If you want BM color just let them tint a flat base paint for you.


----------



## CeeZee (Dec 5, 2006)

Thanks joewho,

That's what I usually do ... just get them to tint a flat to White Dove. I'd rather not get the Glidden, I really like BM paint. I was wondering if Ceiling Paint had any advantage (e.g. less splattering, even flatter sheen, etc.) over regular flat paint. My ceiling really shows the joists, so anything to make them less visible is great. Also, anything that prevents or limits splatters is great (I have a brand new carpet)!


----------



## slickshift (Aug 25, 2005)

BM's ceiling paint (Muresco) is a superior paint for ceilings
It is made differently
It's made to be very high hiding, very adhesive, and less drippy/splattery

Although I will often use their wall paint (Regal) on the ceiling when a special color is needed, I prefer to use BM's Muresco

I've not tinted Muresco Dove White, so I don't know if that will tint well
You should ask someone knowledgeable at the BM store
If they say it tints to Dove White OK, I'd go for that
If not, the Regal will be fine


----------



## AAPaint (Mar 4, 2006)

Is there any specific reason you want it to match the trim? If you have crown moulding it's better to use just a ceiling white, and BM's Muresco is actually a great ceiling paint. If the ceiling paint matches the trim without crown it doesn't look so bad, but with crown, I would do just the ceiling white to keep it from looking blah.


----------



## CeeZee (Dec 5, 2006)

Thanks slickshift and AAPaint,

I've used both the regular BM Muresco white ceiling paint and the Regal flat tinted to White Dove on different ceilings. I like the White Dove look best – I think it better blends into the overall tone of the room. Sometimes the regular white is just too white and makes the ceiling stand out more, instead of disappear. I really love the White Dove color as trim as it seems to go with both warm and cold colors.

I don't have crown moulding (yet?) so that's not an issue. I agree 100 percent with you that with crown moulding the ceiling would absolutely look best with regular white. 

Since I just had a new carpet put in, I'm going to play it safe and go with the Muresco ceiling paint regardless of color. I'll be very careful, but if it does actually stop some splatter it's sure worth using. I tried to get the painting done first, but it just didn't work out that way.

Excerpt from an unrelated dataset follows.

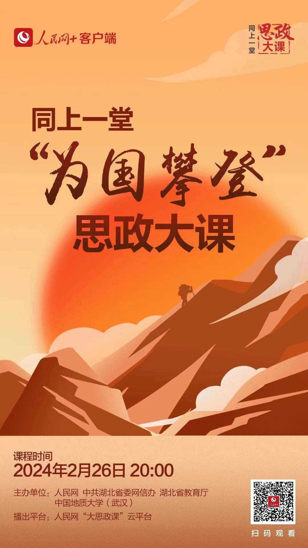 2月26日晚20:00,学院组织全院本研学生同上一堂“为国攀登”思政大课,听中国科学院院士中国地质大学(武汉)校长王焰新、地球科学学院教授宋海军、beat365英国官网网站90后青年教师何鹏飞讲述征服珠峰的感人故事,领悟“扎根中国、胸怀天下勇攀高峰、追求卓越”的攀登精神。

I may use the Waterborne Satin Impervo for the trim work. I've never used it before but I just finished painting some vanity cabinets using the Alkyd Satin Impervo and really loved the way they turned out. I know the Waterborne won't end up as smooth but still.... I had forgotten how much easier it is to paint with oil paint instead of latex! It had been decades since I'd used oil. (I don't think it's quite the same as the old oil paint, tho.) I think I'll still use the Alkyd for the windows and doors to help eliminate sticking. But I don't want the baseboard to stay wet so long.


----------



## slickshift (Aug 25, 2005)

AAPaint said:


> If you have crown moulding it's better to use just a ceiling white...
> If the ceiling paint matches the trim without crown it doesn't look so bad, but with crown, I would do just the ceiling white to keep it from looking blah.


It's a "thing" up here now AA, to have the crown and ceiling match in a slightly off-white

I'm not into the monochromatic thing either, but it can look pretty good in the right room
Especially if the walls are busy
Did two last week
(lol)


----------



## slickshift (Aug 25, 2005)

CeeZee said:


> I may use the Waterborne Satin Impervo for the trim work. I've never used it before but I just finished painting some vanity cabinets using the Alkyd Satin Impervo and really loved the way they turned out. I know the Waterborne won't end up as smooth but still.... I had forgotten how much easier it is to paint with oil paint instead of latex! It had been decades since I'd used oil. (I don't think it's quite the same as the old oil paint, tho.) I think I'll still use the Alkyd for the windows and doors to help eliminate sticking. But I don't want the baseboard to stay wet so long.


That's a great paint
I also enjoy working with oils, and Impervo especially
The waterborne Impervo is great though
I was using it today, and will prolly be painting my own mantle with it tonight (already has water-based on it)

The oils of today are different than oils of 20 years ago
In some ways better, in some ways not
But they are still a bit more durable than the waterborne


----------



## Palmspring (Sep 20, 2010)

As a general rule, ceilings that are lighter than the walls feel higher, while those that are darker feel lower.So choose some lighter colors of your choice.


----------



## chrisn (Dec 23, 2007)

It had been decades since I'd used oil. (I don't think it's quite the same as the old oil paint, tho.) I think I'll still use the Alkyd for the windows and doors to help eliminate sticking. But I don't want the baseboard to stay wet so long.


plus it yellows:yes:


----------



## hammerheart14 (Sep 2, 2010)

All a ceiling paint is is a cheaper interior flat paint, usually a dead flat and not washable. P&L's int silver flat (8101) would be great to use and retails around $17.95 a gallon. A good thick flat paint, and splatter less. 

http://www.prattandlambert.com/pdf/product-data-sheets/8101.pdf


----------



## racebum (Mar 8, 2010)

SW also has a goes on purple, dries white ceiling paint that isn't a half bad product


----------



## Pearl Painters (Sep 22, 2010)

*Splatter Less*



CeeZee said:


> I'm about to start painting yet another ceiling (not my favorite painting job )
> 
> Is there a difference between flat paint and ceiling paint?
> 
> ...



I would recommend a lambs wool roller such as a 1" nap for textured ceilings... it will hold more paint and you will notice significantly less splatter.

Hope this Helps.

Pearl Painters Portland Oregon


----------